San Francisco’s Office of Civic Innovation was launched in 2012, headed by Jay Nath. In the past three years, his office has created “Living Innovation Zones” to pilot new civic projects, while a “Startup in Residence” program enlists entrepreneurs to create technology-based solutions to civic problems. Innovation round tables bring local and national leaders together to help the city “keep pace with what’s next.” And the city’s “open data” program provides the public with unprecedented access to city information. Some cities are using a team approach to innovation called the “i-team,” pioneered by former New York City Mayor Michael Bloomberg. Startup funding from the Bloomberg Philanthropies has helped jumpstart i-teams in several U.S. cities, with measurable results reported by those cities’ mayors. Atlanta’s i-team has reduced homelessness, Chicago’s team has streamlined business licensing, Louisville has sped up rezoning processes, Memphis has revitalized neighborhoods and New Orleans has cut murder rates.

Can Maine’s relatively small cities afford these big-city approaches? We have no choice; we are competing against those very cities for businesses and jobs. What’s more, we should not be penny-wise and pound-foolish. Maine’s cities and towns together spend more money annually than the entire state government; small increases in local government efficiency, adopted broadly, could pay back the cost of innovation programs many times over.

But Maine can also create its own approach to civic innovation. It might be a shared CINO for a group of cities, such as Portland, Westbrook and South Portland. Or perhaps a CINO shared among our 12 largest communities.

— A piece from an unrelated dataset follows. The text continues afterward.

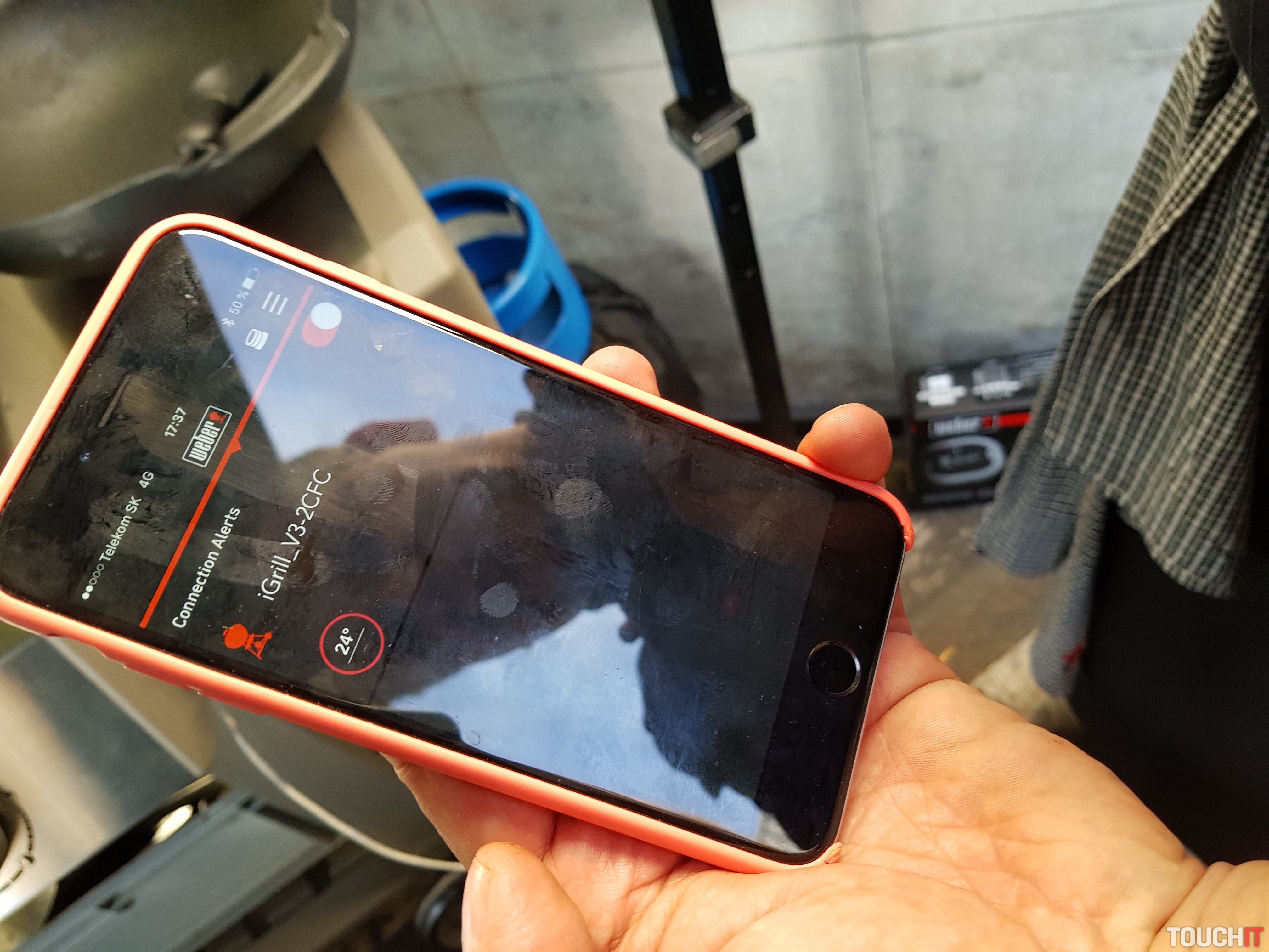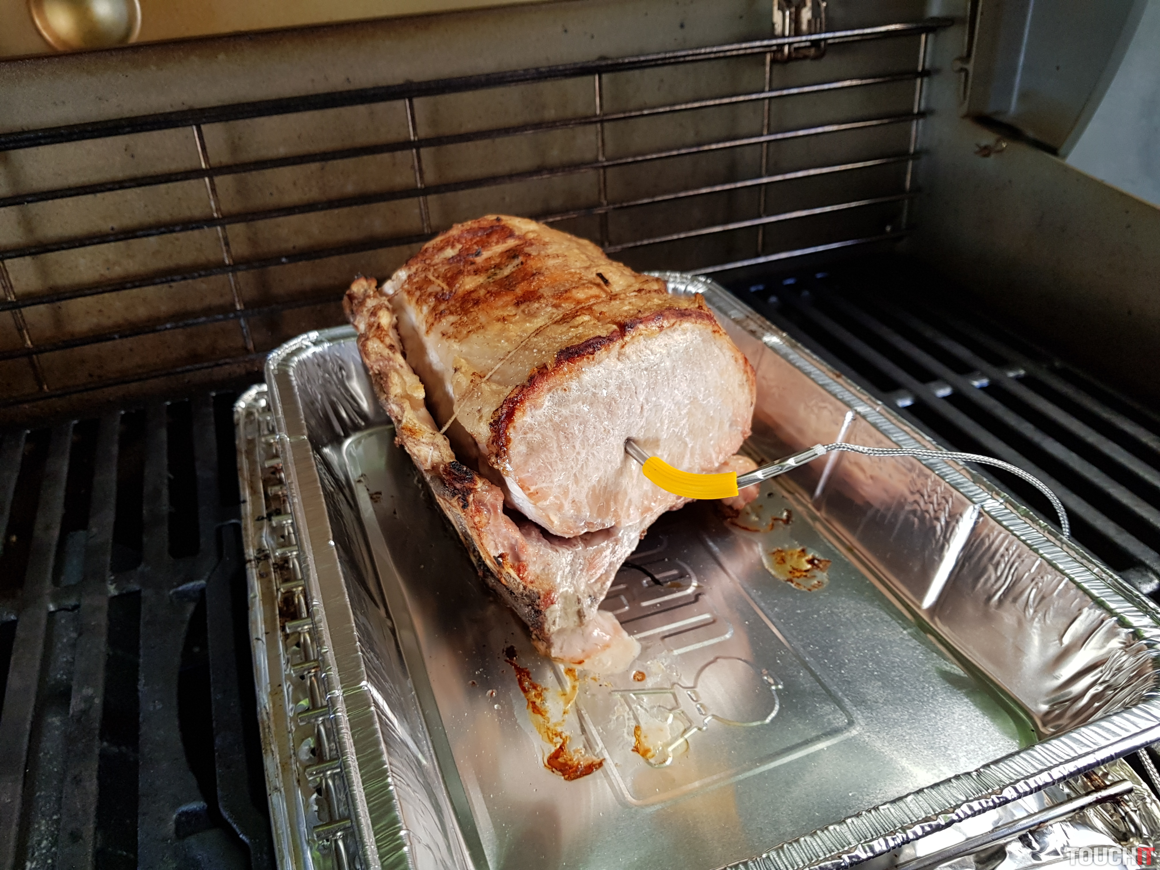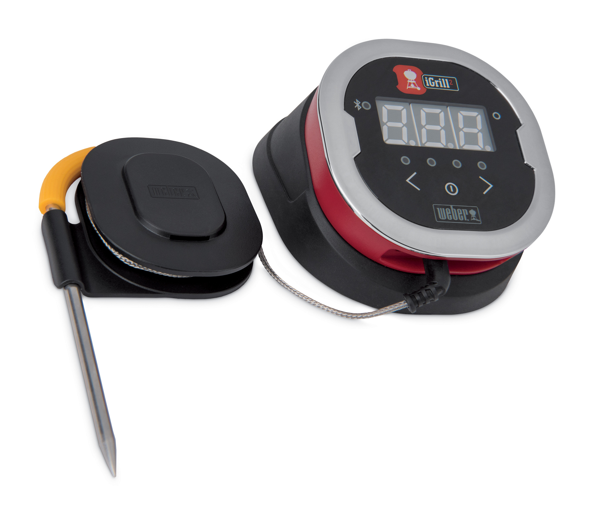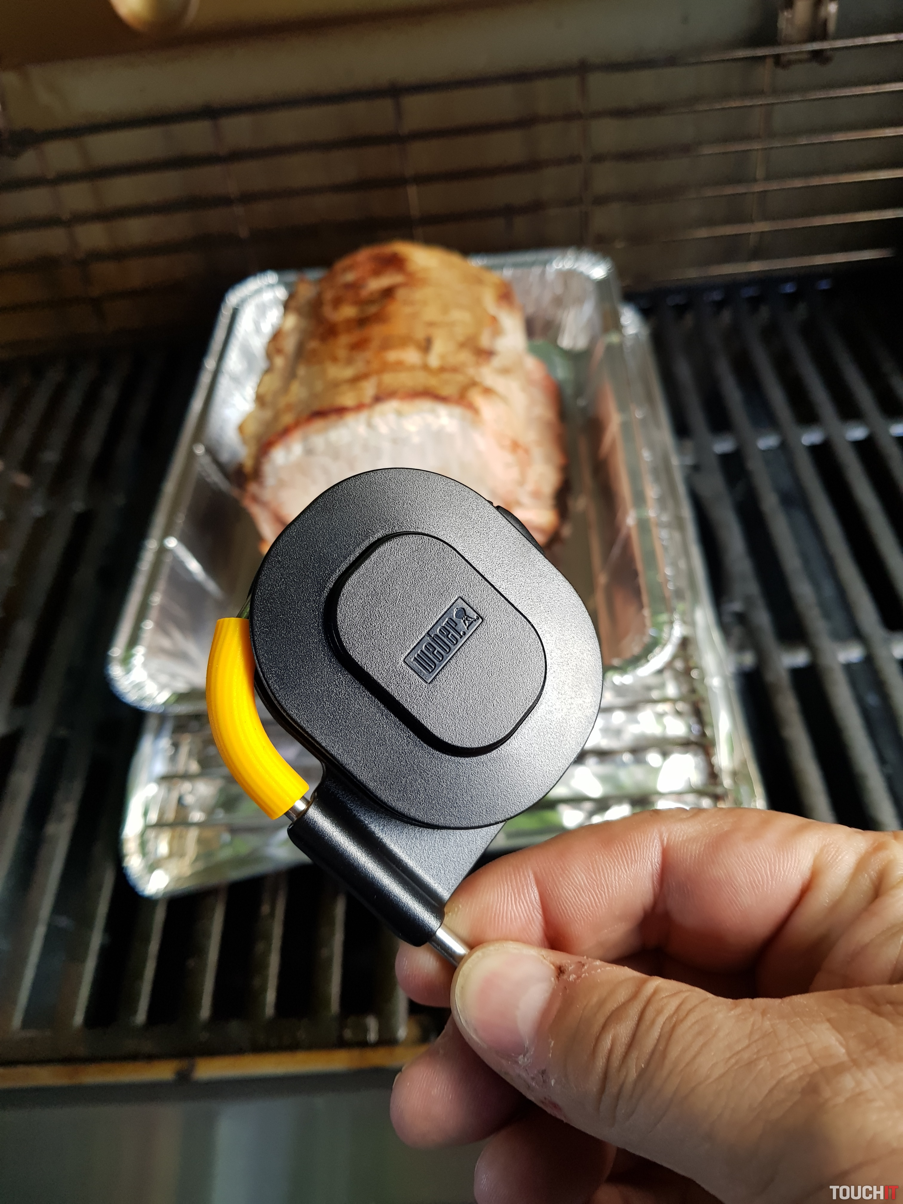 Samotné prepojenie medzi sondou a smartfónom je Bluetooth, dosah je na voľnom priestranstve až do 45 metrov. Pri použití iGrill si môžete nechať zobraziť aj mapu výskytu iných používateľov tejto výbavy. Na test sme mali iGrill 2. čo je univerzálne použiteľné meracie zariadenie s možnosťou pripojenia až 4 sond. Výdrž na batériu je až 250 hodín a súčasťou dodávky je aj kovová položka, ktorú môžete použiť na prichytenie tohto meracieho zariadenia. To má v spodnej časti magnet a na väčšine grilov drží veľmi stabilne. Súčasťou dodávky sú dve sondy, ďalšie dve sa dajú dokúpiť.

Or even a statewide CINO or innovation team to support all of Maine’s municipalities. Our cities also could partner with local colleges to use the skills and creativity of students and faculty. And we can look to Maine’s philanthropic sector to help launch these efforts, just as the Bloomberg Philanthropies has done nationally..

THE CROWD, THE CLOUD AND COMPETITION

Going hand-in-hand with CINOs is the growing use of online innovation contests that unleash the power of competitive crowdsourcing to solve difficult problems. These contests are transforming the way that businesses innovate, from Google to Pepsi to General Electric, and scores of smaller companies, too. They are increasingly used in the federal government, from NASA to the Defense Advanced Research Projects Agency.

Philadelphia was one of the first U.S cities to launch an on-line innovation contest, called FastFWD, to meet critical public safety needs through entrepreneurial approaches. Contestants anywhere in the world could compete. Ten finalists each received $10,000, training and access to city data. Three winners were then funded from a $100,000 funding pool to pilot their programs in the city: Jail Education Solutions, a computer tablet-based self-driven prison education program; Textizen, a digital platform that enables “anyone with a minute and an opinion” to participate in civic dialogue by text; and Village Defense, which alerts community members of threats through text, phone or email.

So, where are the winners now? Jail Education Solutions successfully piloted its program in Philadelphia’s 8,500-bed prison system, and the company has expanded its work to Pittsburgh, as well as prisons in California and Illinois. An unexpected and welcome result has been that not only are inmates better prepared for life after prison, but prison behavior also has changed for the better. Inmates who either milled around all day, lacking activities, or crammed in large classes around a single TV screen are now quietly engaged in heads-down learning.

Textizen’s Philadelphia pilot gave the city a way to use texting to communicate with released inmates to assist their reintegration into the community. Chicago has since used Textizen to get feedback on a public art plan, and in Palo Alto residents around construction sites and passersby can use Textizen to report problems and get updated info on construction activities. In July, Textizen was acquired by GovDelivery, a provider of cloud-based digital communication solutions to over 1,000 government organizations worldwide.

Village Defense went live nationwide in late 2014 and within two months was being used in around 500 neighborhoods in 160 cities. It’s being called the digital version of the old-fashioned “neighborhood watch.” Community members and police alike are seeing positive results, with more engaged citizens, reduced crime and increased awareness of public safety threats.

POWER OF THE PURSE

While innovation contests may attract inventors and entrepreneurs, getting the average person to engage in civic life is increasingly difficult in today’s fast-paced, information-overloaded world.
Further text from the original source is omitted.